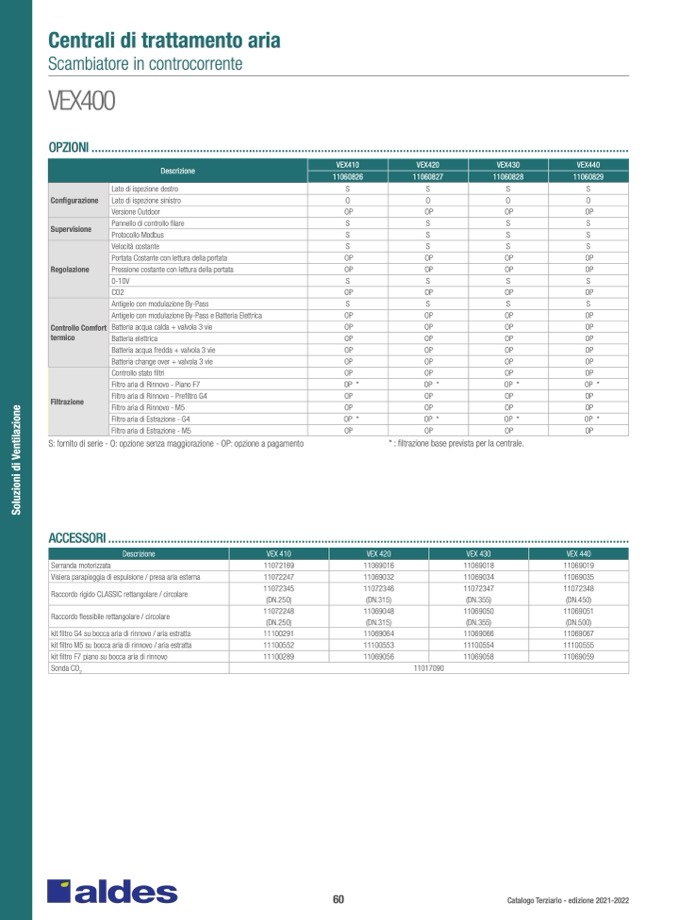 S: fornito di serie - O: opzione senza maggiorazione - OP: opzione a pagamento
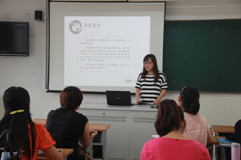 总论坛后举行平行讲座,全校教师以年级为单位,进入分会场开展活动,由年级组长主持,每位教师进行暑期学习心得的分享。教师们的分享精彩纷呈,内容丰富多彩:有教育专著的理论导读,有观影后的教育思考;有听讲座后的深度反思;还有文学名著的心得体会……形式各具特色:有生动的故事讲述,有现场的游戏互动,有配乐的激情演讲,有直观的视频播放……每一位教师都制作了课件,用心、用情一起平等交流,交互进行简要点评。平行讲座让每一位教师都参与分享和展示活动,教师们的心态更开放,交流更和谐,它尊重了每一位教师的学习和被学习的需求,提升了教师职业尊严感。
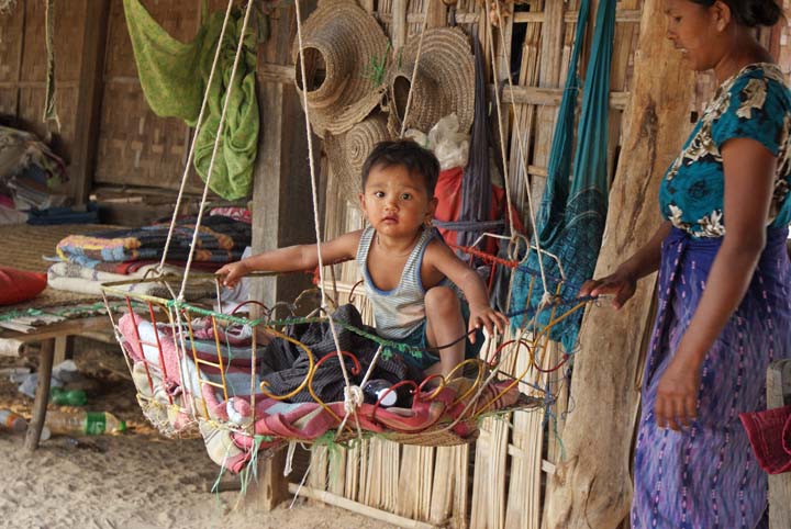 Besuch eines Dorfes. Der Kleine fühlt sich wohl in seinem Schaukelbett.
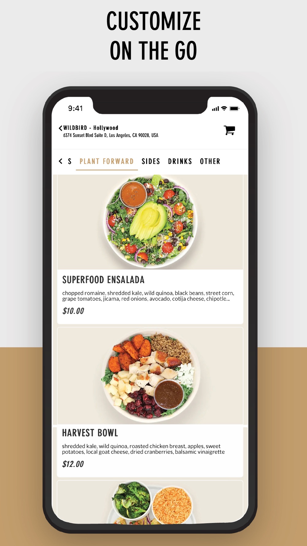 Our brand-new mobile app makes it easier than ever to satisfy your cravings by ordering ahead for delivery or carryout. Choose your made-to-order masterpiece featuring our signature Better Chicken from your favorite WILDBIRD location.
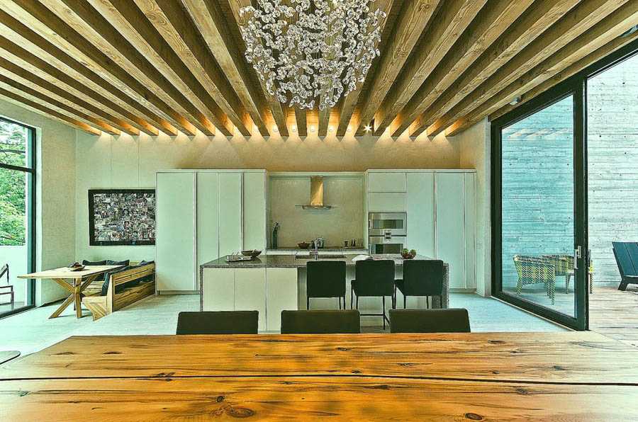 Вот здесь уж точно можно сказать, что в городских условиях монтаж декоративных балок на поверхность потолка не представляется возможным. Да и чисто с позиций целесообразности проку здесь, определенно, мало. Для того, чтобы задействовать этот дизайнерский прием, необходимо полноценное свободное пространство — и в формате пригородного дома актуальность использования становится осязаемой.

□ □ □ □ □

- _What you should do_
Everything from the line with "Our brand-new mobile" through the end of the records is to be repeated exactly. The pictures are not.

- _Exercise response_
 Our brand-new mobile app makes it easier than ever to satisfy your cravings by ordering ahead for delivery or carryout. Choose your made-to-order masterpiece featuring our signature Better Chicken from your favorite WILDBIRD location.
 Вот здесь уж точно можно сказать, что в городских условиях монтаж декоративных балок на поверхность потолка не представляется возможным. Да и чисто с позиций целесообразности проку здесь, определенно, мало. Для того, чтобы задействовать этот дизайнерский прием, необходимо полноценное свободное пространство — и в формате пригородного дома актуальность использования становится осязаемой.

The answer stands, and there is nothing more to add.